The intervention appears to be safe. At 4 years post-transplantation we can now report that undifferentiated NPCs can be delivered by stereotaxis bilaterally to the putamina of patients with moderate to severe PD, without any complications attributable to the procedure. None of the patients showed unwanted motor disturbances (dyskinesias), tumor formation, or any detectable immune responses to the grafted cells. In six out of seven cases the procedure resulted in improved motor function, and a better response to L-DOPA (particularly in one remarkable case). Given that PD is a progressive disease, the 4-year data suggest that at the very least the NPCs are able to stop or slow down the motor deterioration one would expect to see in this timespan. Patients’ PET functional scans suggest that their improvements might be at least in some cases attributable to enhanced putaminal dopaminergic neurotransmission. Patients’ satisfactory pre-surgery neuropsychological scores were unaffected by grafting.
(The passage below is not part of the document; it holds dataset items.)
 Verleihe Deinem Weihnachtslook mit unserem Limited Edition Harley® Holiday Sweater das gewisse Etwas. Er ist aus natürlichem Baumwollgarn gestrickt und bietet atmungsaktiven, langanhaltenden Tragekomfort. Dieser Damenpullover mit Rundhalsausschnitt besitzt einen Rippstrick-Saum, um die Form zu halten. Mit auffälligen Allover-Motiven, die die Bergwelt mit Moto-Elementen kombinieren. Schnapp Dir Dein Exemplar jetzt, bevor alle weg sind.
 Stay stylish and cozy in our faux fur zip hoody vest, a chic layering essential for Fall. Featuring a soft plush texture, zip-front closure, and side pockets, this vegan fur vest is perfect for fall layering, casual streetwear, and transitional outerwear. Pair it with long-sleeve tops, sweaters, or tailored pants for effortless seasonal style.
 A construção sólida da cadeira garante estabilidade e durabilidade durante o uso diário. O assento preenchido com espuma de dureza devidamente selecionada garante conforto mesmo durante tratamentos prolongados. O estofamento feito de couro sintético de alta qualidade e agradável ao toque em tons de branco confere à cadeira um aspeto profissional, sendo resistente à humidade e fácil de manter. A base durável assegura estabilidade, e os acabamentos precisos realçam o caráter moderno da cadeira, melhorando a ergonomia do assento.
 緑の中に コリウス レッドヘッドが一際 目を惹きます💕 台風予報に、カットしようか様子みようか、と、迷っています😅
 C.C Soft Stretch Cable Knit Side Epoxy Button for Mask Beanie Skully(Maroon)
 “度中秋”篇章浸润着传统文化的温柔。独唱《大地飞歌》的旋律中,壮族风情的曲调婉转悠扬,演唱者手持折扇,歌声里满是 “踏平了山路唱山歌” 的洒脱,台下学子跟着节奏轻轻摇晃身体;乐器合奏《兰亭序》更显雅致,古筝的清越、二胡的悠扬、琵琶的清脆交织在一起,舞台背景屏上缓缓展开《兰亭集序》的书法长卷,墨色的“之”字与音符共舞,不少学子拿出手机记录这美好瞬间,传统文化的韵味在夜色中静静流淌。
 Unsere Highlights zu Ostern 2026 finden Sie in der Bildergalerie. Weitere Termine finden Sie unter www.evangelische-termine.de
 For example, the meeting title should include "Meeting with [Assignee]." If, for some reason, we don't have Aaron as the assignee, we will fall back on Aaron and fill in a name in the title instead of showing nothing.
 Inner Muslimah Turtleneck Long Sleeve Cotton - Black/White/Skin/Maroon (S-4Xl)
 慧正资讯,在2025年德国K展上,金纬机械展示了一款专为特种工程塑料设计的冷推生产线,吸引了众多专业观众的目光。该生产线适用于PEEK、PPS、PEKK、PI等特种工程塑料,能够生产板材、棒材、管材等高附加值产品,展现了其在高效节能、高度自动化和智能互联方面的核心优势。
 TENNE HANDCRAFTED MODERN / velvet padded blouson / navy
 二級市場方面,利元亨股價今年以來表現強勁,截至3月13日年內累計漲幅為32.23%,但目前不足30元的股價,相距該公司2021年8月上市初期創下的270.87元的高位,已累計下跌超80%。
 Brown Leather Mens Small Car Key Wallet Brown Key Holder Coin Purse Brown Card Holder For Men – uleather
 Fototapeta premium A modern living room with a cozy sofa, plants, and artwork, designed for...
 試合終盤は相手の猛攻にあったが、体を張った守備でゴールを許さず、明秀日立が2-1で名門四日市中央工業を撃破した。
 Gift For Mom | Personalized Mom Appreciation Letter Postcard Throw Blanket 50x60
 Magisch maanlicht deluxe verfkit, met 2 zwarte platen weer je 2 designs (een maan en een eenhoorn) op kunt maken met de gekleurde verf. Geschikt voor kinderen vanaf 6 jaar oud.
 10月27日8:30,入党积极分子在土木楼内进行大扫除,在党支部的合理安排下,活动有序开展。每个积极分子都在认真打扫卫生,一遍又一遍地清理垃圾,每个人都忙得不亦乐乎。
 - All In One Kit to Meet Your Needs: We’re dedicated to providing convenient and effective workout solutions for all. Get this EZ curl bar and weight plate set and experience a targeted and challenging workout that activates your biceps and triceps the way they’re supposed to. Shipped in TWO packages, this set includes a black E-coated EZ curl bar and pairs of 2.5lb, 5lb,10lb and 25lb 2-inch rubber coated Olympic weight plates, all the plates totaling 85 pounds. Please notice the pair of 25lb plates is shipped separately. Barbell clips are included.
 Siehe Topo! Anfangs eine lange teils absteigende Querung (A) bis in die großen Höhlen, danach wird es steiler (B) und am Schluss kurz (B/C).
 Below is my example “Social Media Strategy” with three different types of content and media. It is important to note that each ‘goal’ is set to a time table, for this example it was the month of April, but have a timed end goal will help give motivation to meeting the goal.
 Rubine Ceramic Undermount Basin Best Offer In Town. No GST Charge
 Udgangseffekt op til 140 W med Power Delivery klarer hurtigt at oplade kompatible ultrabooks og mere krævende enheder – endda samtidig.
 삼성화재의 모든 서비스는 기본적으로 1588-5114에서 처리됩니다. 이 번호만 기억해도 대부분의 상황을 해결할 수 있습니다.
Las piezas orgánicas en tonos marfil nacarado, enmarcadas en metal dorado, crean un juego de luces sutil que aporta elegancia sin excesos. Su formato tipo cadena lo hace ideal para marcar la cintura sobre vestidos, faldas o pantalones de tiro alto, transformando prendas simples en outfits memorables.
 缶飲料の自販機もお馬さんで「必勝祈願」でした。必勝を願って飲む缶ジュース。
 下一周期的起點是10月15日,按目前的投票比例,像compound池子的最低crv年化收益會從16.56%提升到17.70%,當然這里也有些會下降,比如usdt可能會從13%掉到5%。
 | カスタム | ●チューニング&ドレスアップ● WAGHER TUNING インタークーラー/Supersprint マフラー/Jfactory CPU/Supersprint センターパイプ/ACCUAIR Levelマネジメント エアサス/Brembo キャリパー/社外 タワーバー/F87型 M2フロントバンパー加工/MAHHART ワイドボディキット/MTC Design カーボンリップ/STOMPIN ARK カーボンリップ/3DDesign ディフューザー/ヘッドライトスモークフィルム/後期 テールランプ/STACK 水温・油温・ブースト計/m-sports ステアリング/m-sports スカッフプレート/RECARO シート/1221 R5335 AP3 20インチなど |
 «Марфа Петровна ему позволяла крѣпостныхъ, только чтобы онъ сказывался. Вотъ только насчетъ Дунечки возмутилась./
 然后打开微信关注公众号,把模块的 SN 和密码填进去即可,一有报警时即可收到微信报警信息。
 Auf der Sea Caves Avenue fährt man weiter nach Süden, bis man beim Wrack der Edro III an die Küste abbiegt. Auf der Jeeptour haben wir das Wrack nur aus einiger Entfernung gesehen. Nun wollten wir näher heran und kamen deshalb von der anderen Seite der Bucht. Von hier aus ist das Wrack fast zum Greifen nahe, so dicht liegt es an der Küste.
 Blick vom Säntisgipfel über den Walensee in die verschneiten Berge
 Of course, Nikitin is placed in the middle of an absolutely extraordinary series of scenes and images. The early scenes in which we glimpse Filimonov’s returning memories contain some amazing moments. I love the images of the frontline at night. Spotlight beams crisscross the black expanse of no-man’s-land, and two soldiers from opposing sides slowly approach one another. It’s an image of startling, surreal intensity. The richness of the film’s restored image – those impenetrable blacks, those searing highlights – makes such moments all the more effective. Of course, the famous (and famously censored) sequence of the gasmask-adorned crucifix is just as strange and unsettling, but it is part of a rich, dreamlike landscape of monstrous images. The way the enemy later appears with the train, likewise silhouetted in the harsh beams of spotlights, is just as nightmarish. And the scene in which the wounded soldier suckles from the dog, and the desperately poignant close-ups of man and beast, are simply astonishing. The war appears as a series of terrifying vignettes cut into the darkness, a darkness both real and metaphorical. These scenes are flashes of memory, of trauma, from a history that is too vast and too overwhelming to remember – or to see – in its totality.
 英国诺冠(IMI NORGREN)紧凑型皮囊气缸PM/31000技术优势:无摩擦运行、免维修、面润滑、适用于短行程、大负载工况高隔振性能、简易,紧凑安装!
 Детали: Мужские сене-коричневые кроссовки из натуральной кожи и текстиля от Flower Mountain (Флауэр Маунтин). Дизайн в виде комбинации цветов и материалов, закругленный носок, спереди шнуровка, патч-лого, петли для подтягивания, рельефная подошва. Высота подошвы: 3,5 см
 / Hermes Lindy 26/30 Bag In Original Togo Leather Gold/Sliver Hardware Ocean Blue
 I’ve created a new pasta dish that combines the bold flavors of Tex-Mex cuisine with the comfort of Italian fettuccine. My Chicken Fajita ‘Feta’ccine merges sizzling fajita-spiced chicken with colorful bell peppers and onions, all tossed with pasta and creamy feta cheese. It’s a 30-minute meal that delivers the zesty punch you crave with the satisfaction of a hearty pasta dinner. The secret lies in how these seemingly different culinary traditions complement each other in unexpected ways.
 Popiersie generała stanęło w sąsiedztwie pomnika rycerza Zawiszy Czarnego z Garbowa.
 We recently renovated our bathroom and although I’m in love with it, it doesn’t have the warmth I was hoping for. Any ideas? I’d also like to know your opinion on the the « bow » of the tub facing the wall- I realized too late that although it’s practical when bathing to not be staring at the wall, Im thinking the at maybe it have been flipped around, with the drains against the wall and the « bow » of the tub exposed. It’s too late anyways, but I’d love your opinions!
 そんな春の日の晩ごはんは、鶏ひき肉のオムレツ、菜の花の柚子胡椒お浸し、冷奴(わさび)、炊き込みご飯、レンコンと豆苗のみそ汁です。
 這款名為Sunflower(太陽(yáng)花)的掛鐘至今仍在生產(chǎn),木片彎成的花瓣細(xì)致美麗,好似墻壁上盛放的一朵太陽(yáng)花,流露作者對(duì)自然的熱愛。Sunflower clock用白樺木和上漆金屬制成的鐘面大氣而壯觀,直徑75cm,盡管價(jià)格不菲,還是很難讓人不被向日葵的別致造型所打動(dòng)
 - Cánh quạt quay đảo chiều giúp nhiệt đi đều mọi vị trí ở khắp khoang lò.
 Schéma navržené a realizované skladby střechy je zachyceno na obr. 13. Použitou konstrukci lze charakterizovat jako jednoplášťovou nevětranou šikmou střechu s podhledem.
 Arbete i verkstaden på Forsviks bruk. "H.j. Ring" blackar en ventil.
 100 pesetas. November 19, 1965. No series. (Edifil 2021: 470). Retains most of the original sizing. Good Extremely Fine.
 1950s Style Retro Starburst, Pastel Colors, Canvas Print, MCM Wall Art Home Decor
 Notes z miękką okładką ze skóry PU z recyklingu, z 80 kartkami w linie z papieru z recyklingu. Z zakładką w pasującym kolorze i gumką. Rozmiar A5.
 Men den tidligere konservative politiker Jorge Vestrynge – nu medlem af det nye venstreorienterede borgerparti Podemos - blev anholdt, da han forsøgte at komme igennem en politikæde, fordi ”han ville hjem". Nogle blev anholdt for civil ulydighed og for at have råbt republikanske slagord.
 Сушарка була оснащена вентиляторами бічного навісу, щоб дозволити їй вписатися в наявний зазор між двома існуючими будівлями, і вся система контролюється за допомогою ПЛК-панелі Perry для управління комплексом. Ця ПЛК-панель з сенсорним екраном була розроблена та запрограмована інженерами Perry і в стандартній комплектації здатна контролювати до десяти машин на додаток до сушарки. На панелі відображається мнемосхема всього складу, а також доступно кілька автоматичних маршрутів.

The encouraging results reported here merit further controlled clinical trials designed to test further safety and efficacy of intraputaminally grafted cell culture-manufactured undifferentiated NPCs to treat multiple deficiencies in PD.

Ethical Considerations

All procedures described herein were performed in compliance with the scientific and ethics committees of the Hospital Angeles Pedregal, the Declaration of Helsinki, and approved by the Comisión Federal para la Protección de Riesgos Sanitarios (COFEPRIS, CMN2012-027). Fetal tissue was obtained in 1998 at Good Samaritan Hospital (Los Angeles, CA) with institutional approval #97-11-01, within their neuro-transplantation program. Human fetal brain tissue donor informed consent forms were obtained in accordance with NIH guidelines for use of fetal tissue (available from: http://stemcells.nih.gov/staticresources/news/newsArchives/fr25au00-136.htm), as well as US federal, and CA state laws. PD patients selected for the study signed letters of informed consent of their own free will, after the protocol had been carefully described to them, emphasizing the use of human fetal tissue, and the requirement for their commitment to lengthy pre- and post-surgery evaluations. Tissue donors and NPC recipients remained unknown to each other.